Bangalore: On  May 26, 2021, the Ministry of Information & Broadcasting (MIB) issued a notice to all ‘digital media publishers’, to comply, within 15 days, with the Information Technology (Intermediary Guidelines and Digital Media Ethics Codes) Rules, 2021, notified by the Government of India on the February 25, 2021. This includes those that publish on traditional media and OTT platforms.   The platforms have until June 10, to comply. 

The IT guidelines dictate that all digital media platforms and intermediaries have to; establish a grievance redressal mechanism, monitor activity on their websites actively, take down content within 32 hours of a court order being presented, expedite response to grievances, create self-regulatory mechanisms, furnish monthly compliance reports (of Indian users) and submit to oversight from the Ministry of Electronics and Information Technology.

The new guidelines make it important for platforms and media houses to now determine who says what on behalf of the organizations and in what form it is published. The guideline gets rid of the ‘safe harbour’ that social media platforms provide, said Pranesh Prakash, former policy director for the Center for Internet and Society. He explained that this means that platforms could be held responsible for what a user publishes on a service the platform provides.

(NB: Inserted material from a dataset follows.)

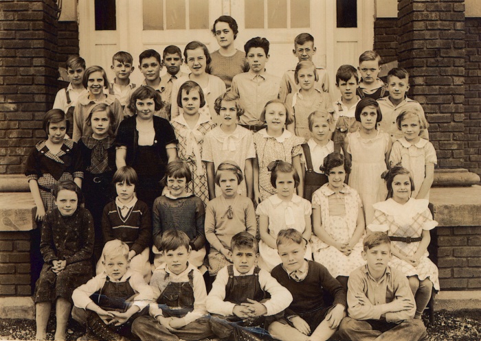 4th Row: Basil Arseneau, unidentified girl, John Childers, Millard Clark, Evelyn Love, Donald Petrie, Lorene Corns, Robert Poppe, Lester Hayden

Pranesh said that when the IT guidelines came, the terms to comply for Google and World of warcraft, an online video game, were identical. “What works for World of Warcraft won’t work for Gmail, yet the government has deemed the same set of rules for everyone, including media sites,” he said, “all these are ways that free speech is threatened.” He added that news media and video content would now risk self-censorship, where publications choose not to publish instead of risking reprisal from the government.

In the past few days, Facebook and Google have announced that they will comply with the guidelines. Twitter has called on the government to respect ‘the freedom of speech’, standing against what it calls the government’s ‘heavy handed’ efforts to stifle freedom of expression. WhatsApp has sued the Indian Government at the Delhi High Court over certain provisions of the guidelines, contending that they are “unconstitutional, illegal” and go beyond the purview of the Information Technology Act.